HRYVNIA AND FOREIGN CURRENCY INSTRUMENTS
In February, yields on hryvnia-denominated government bonds (OVDP) at primary auctions continued to decline amid expectations of further monetary easing and strong investor demand:
- 1-year bonds — decreased from 16.19% to 15.32%
- 3-year bonds — decreased from 17.44% to 16.28%
Interest rates on term deposits in the banking sector declined by 50 basis points, ranging between 9–14% in hryvnia, while USD deposit rates remained unchanged at up to 2%, depending on the maturity.
In February, the Ministry of Finance resumed the issuance of foreign currency-denominated OVDP on the primary market with a yield of 3.8% in USD, which is lower than the December level (4.01%).
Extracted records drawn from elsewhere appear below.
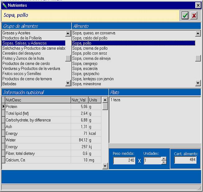 Para simplificar la configuración de la dieta, es posible definir la dieta a partir de las unidades predeterminadas, propias de cada alimento preparado, disponiendo de su peso en gramos así como del valor calórico asociado (taza de leche, plato de sopa, etc...), tal y como se aprecia en la figura 3.
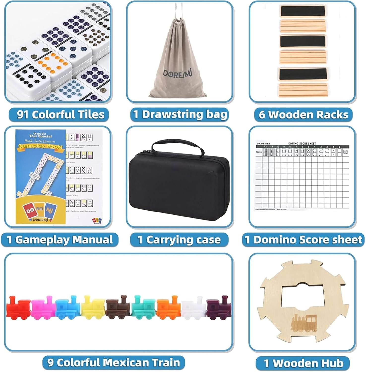 - 8 in 1 Mexican Dominoes Set: This dominoes Set is designed with 91 dot domino tiles, 6 wooden trays, 1 EVA case,1 drawstring bag, 9 trains, 1 game manual, 1 scorebook and 1 hub. The domino tiles are finely polished up to 5 times for shiny surfaces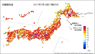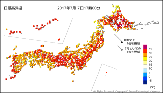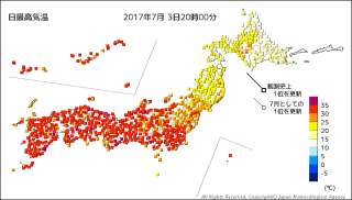 昨日の上の画像と見比べると、、異常な暑さだったことが分かる。岐阜市では、今年初めての猛暑日 35.5℃のだった。その最高気温が観測されたのが、、午後4時過ぎ…だった。とにかく週末…。帰宅して、とにかく冷たい飲み物…。 |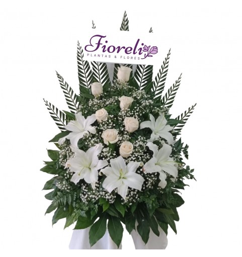 Elegante arreglo floral de condolencia con lindas rosas blancas y bellos lirios.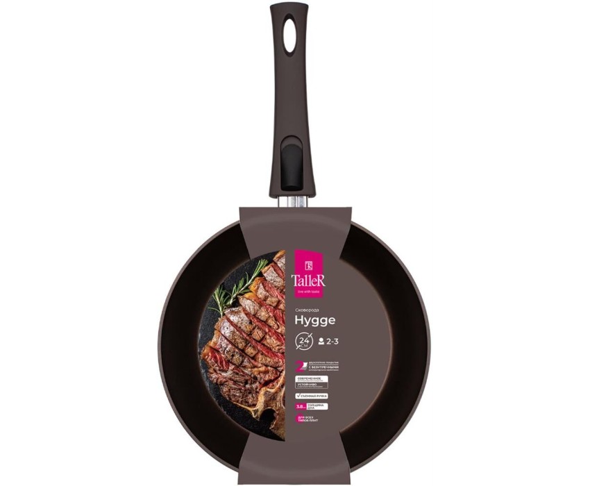 Сковорода Hygge, 24 см, с бакелитовой съемной ручкой. Материал: кованый алюминий, толщина дна 3,8 мм, толщина стенок 3,3 мм Высота 4,8 см внешний диаметр дна – 19.4 см Подходит для всех типов плит, включая индукционную. Рекомендовано ручное мытьё. Упаков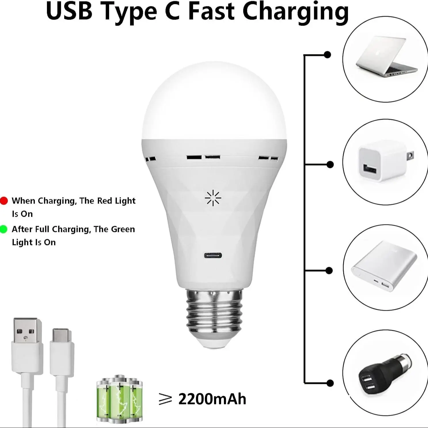 Rechargeable LED Bulb, 1 Count Smart LED Bulb with E27 Base, Dimmable LED Bulb with Timing Function, Remote Control LED Light Bulb for Home, Office, Bedroom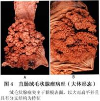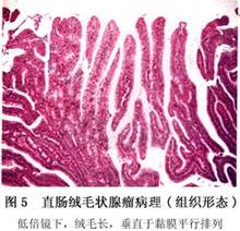 (2)绒毛状腺瘤:又称乳头状腺瘤,呈绒毛状、菜花状突出于黏膜表面,病变范围限于黏膜层,瘤体质地柔软,广基无蒂,体积较管状腺瘤大(图4),镜下绒毛状突起呈分支状,形成一个细长乳头状花冠肿物(图5)。多见于老年人,男性多于女性,约90%发生在直肠和乙状结肠下段,易癌变。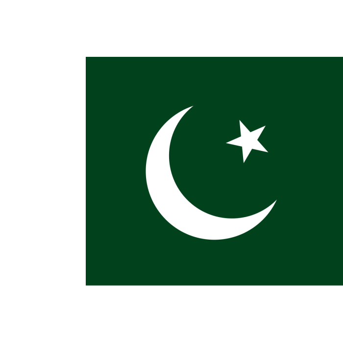 Для изготовления флага используется полиэфирная ткань с плотностью около 210 г/м². Этот материал обладает высокой прочностью и устойчивостью к ветру, осадкам и солнечному излучению. Он хорошо держит форму и легко окрашивается, что обеспечивает яркость и стойкость цветов даже при длительной эксплуатации. Лёгкость ткани способствует удобному поднятию флага и снижает его износ в ветреную погоду. Флаг Пакистана выполнен в соответствии с официальным государственным стандартом. Основное зелёное поле символизирует ислам и большинство населения страны, а белая вертикальная полоса у древка — религиозные меньшинства и стремление к миру. В центре зелёного поля размещён белый полумесяц и пятиконечная звезда — знаки прогресса и света. Все цветовые элементы нанесены чётко, краска устойчива к выгоранию и не теряет насыщенности со временем. Флаг подходит для использования при судозаходах в порт Карачи (Port of Karachi) — крупнейший морской порт Пакистана и важнейший торговый узел региона. Он соответствует требованиям международной морской идентификации и подходит для установки на судах, совершающих международные рейсы.

On the secondary market, yields on FX-denominated OVDP did not exceed 3.4% in USD and 1.5% in EUR.
The balance between supply and demand in the foreign exchange market improved, leading to a strengthening of the hryvnia from 43.59 to 43.13 UAH/USD. The volume of NBU currency interventions declined by 15.5% to USD 3 billion.
A moderate and controlled depreciation of the hryvnia to 43.5–44 UAH/USD is expected by the end of the first quarter of 2026.
Positive signals regarding external financing, including the EU’s decision to provide the so-called “reparations loan,” as well as regular coupon payments on Eurobonds, supported investor sentiment. As a result, Ukrainian Eurobond prices increased by 1–4.2% in February, depending on maturity, reaching record levels.
RESULTS OF INVESTMENT FUNDS MANAGED BY OTP CAPITAL
OTP Classic
In February, government bonds (OVDP) totaling UAH 8.7 million were sold from the portfolio of OTP Classic, while OVDP with higher yields were purchased for the same amount.
At the end of the reporting month, the fund delivered a return of 1.4%, with a 14.2% return over the past 365 days.
OTP Kids
In February, OVDP totaling UAH 17.6 million were sold from the portfolio of OTP Kids, while OVDP totaling UAH 17.5 million with longer maturities were purchased.
The rebalancing within the structure of government bonds was carried out to increase the yield of the OVDP instruments held in the fund’s portfolio.
The fund delivered a monthly return of 2.2% and 17.9% over the past 365 days.
OTP Equity Fund
In February, the management of OTP Equity Fund focused on reallocating funds into short-term bank deposits with the highest available interest rates. In particular, deposits totaling UAH 1 million were renewed with Ukreximbank, and another UAH 1 million with Ukrgasbank.
The fund’s return in February amounted to -3.4%, while the return over the past 365 days reached 8.2%.
OTP Valutnyi
No asset transactions were carried out in the portfolio of OTP Valutnyi during the reporting month.
As a result, the fund recorded a monthly return of -0.2%, while the return over the past 365 days amounted to 4.4% in USD.
OTP Maximum
In February, the management of OTP Maximum focused on active rebalancing within the government bond portfolio in order to increase overall yield. In particular, OVDP totaling UAH 20.7 million were sold, while UAH 25.5 million worth of higher-yield OVDP were purchased.
Active portfolio rebalancing, which is part of the fund’s investment strategy, contributes to generating additional returns for both the fund and its investors.
At the end of the reporting month, the fund delivered a return of 2.6%, equivalent to 39.9% on an annualized basis.